What is required: From the listing that follows, reproduce only the lines from the one holding "Eurofase 26606-019 Ellena" through the one holding "This Maple Whiskey-Glazed", both included, with no pictures.

Extracted entries:

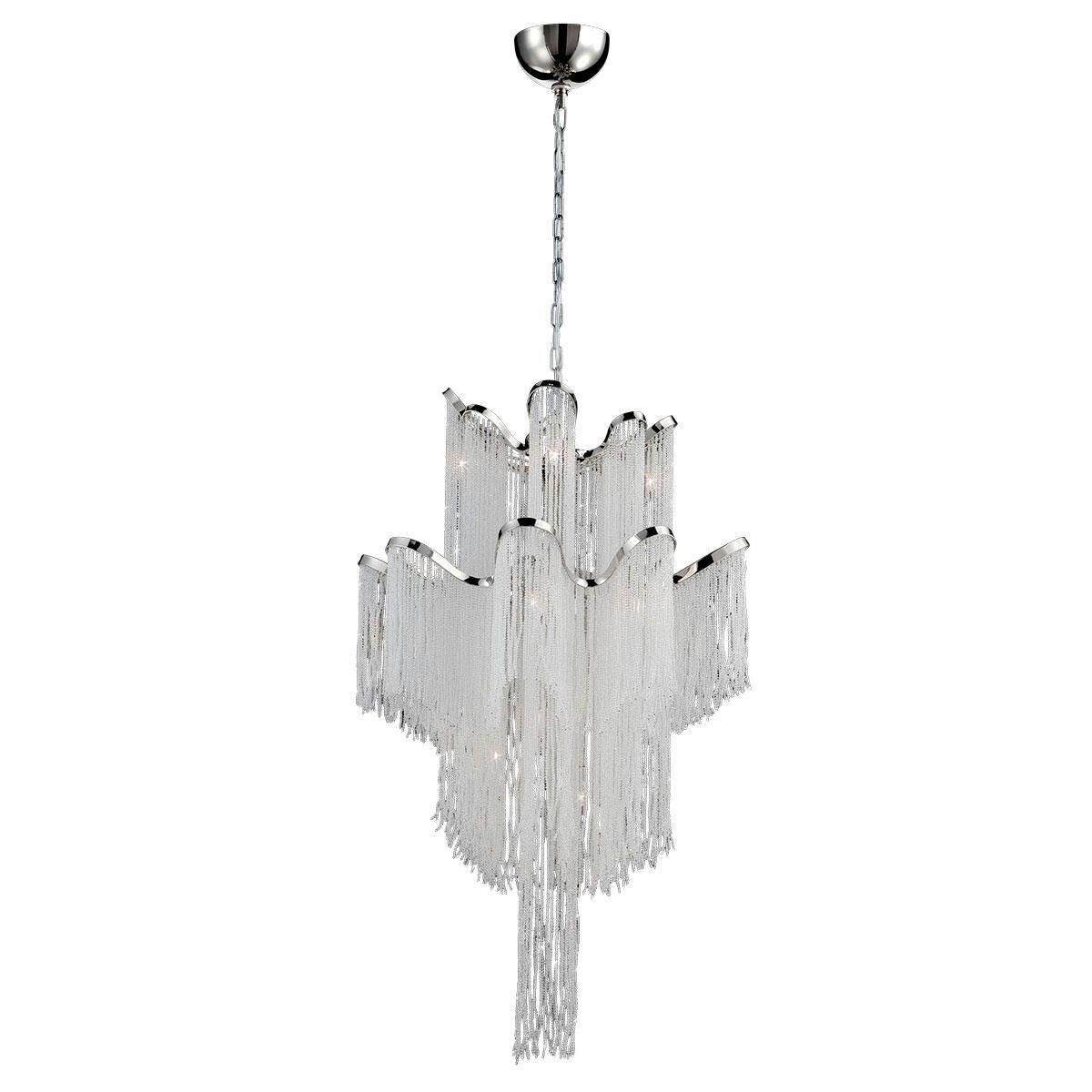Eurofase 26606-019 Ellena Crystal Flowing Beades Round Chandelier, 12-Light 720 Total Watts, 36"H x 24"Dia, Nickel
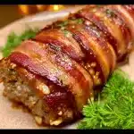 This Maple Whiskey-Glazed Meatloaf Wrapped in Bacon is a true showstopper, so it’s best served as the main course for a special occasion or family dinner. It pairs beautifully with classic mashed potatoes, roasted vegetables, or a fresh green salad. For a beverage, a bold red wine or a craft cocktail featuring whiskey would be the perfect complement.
---
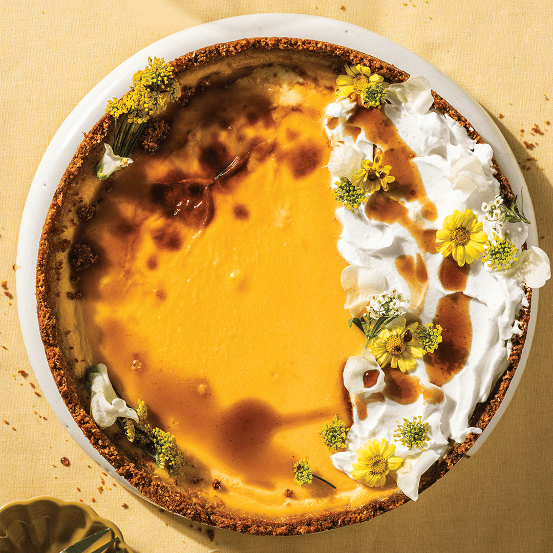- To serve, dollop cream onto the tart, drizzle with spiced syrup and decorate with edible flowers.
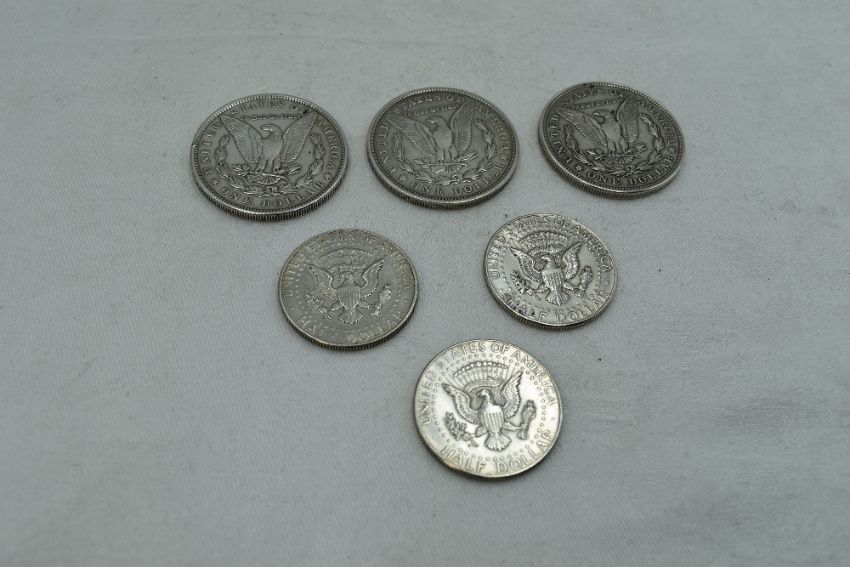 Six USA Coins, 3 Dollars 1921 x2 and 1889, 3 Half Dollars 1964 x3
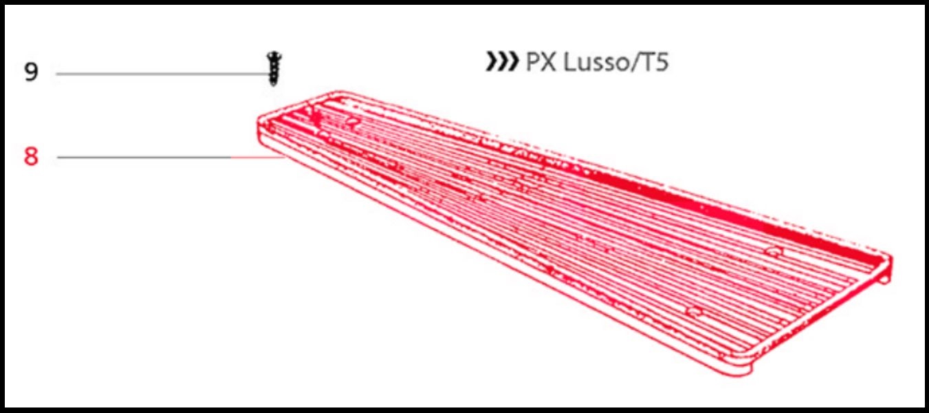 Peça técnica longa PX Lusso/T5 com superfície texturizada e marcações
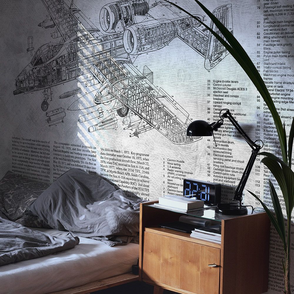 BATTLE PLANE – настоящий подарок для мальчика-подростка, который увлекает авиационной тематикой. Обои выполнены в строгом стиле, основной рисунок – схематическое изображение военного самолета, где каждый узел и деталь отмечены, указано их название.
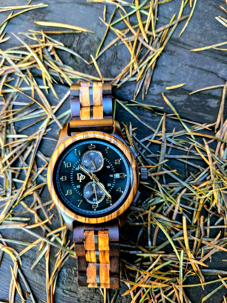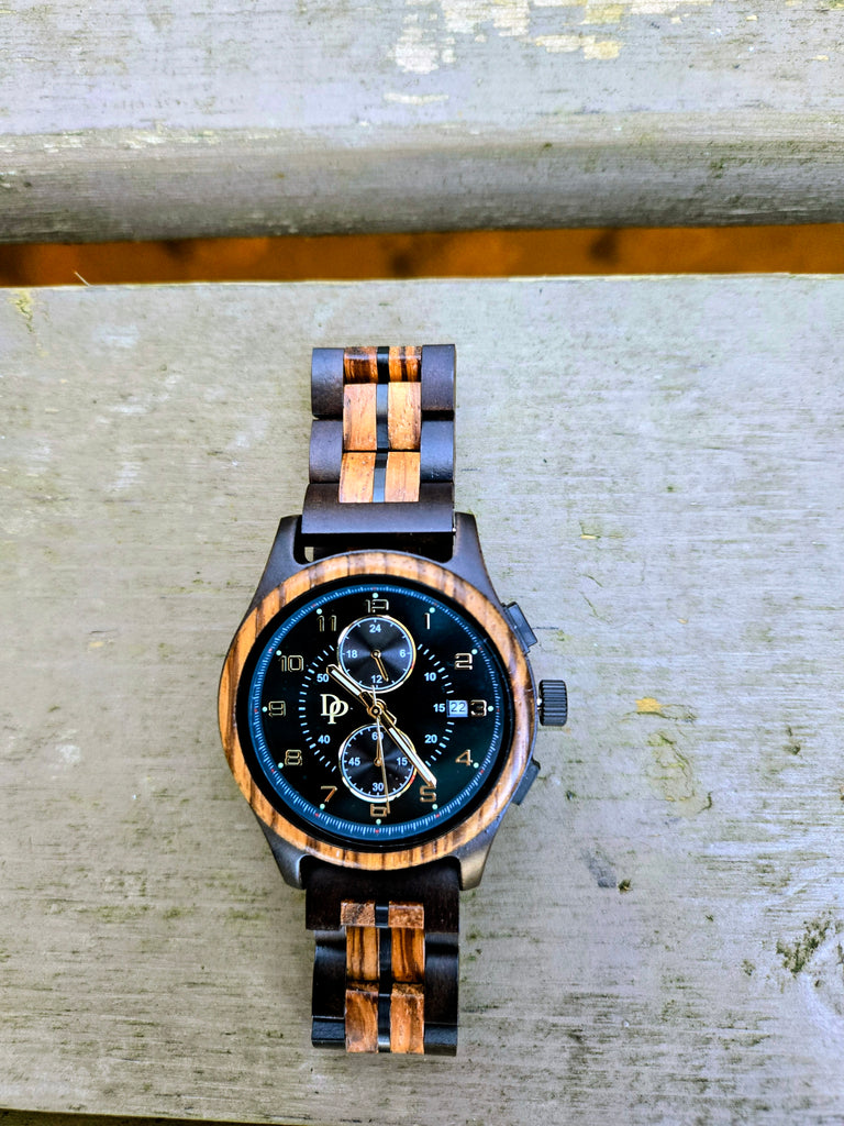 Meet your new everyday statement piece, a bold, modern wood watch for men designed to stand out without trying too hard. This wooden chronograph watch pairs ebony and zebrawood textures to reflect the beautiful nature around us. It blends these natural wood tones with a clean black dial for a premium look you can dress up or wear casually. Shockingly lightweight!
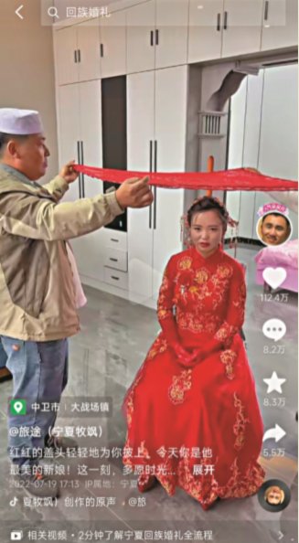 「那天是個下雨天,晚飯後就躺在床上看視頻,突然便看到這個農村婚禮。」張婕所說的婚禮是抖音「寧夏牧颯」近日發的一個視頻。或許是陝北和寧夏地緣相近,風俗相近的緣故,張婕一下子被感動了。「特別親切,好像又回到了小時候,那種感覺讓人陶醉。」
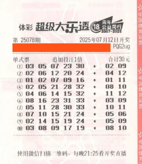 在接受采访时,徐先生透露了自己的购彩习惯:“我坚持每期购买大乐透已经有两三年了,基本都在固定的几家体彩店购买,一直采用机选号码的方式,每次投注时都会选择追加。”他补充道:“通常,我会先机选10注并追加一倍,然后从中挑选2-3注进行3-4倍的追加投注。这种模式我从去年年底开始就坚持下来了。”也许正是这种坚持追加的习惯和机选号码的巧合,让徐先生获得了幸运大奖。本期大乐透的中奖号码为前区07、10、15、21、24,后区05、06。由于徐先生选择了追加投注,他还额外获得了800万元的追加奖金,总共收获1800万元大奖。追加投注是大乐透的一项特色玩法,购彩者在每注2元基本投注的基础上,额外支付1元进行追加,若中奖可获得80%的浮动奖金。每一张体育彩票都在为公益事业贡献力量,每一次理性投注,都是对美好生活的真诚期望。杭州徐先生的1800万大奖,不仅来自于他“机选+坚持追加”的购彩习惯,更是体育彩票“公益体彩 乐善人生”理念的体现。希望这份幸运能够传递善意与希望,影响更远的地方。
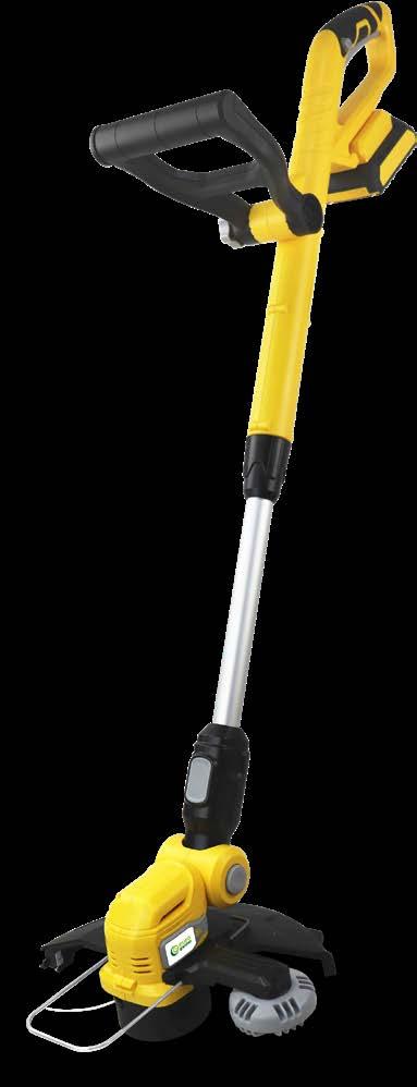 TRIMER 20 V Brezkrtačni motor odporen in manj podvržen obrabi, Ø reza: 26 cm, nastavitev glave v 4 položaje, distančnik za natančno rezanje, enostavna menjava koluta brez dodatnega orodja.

Solved exercise:
Eurofase 26606-019 Ellena Crystal Flowing Beades Round Chandelier, 12-Light 720 Total Watts, 36"H x 24"Dia, Nickel
 This Maple Whiskey-Glazed Meatloaf Wrapped in Bacon is a true showstopper, so it’s best served as the main course for a special occasion or family dinner. It pairs beautifully with classic mashed potatoes, roasted vegetables, or a fresh green salad. For a beverage, a bold red wine or a craft cocktail featuring whiskey would be the perfect complement.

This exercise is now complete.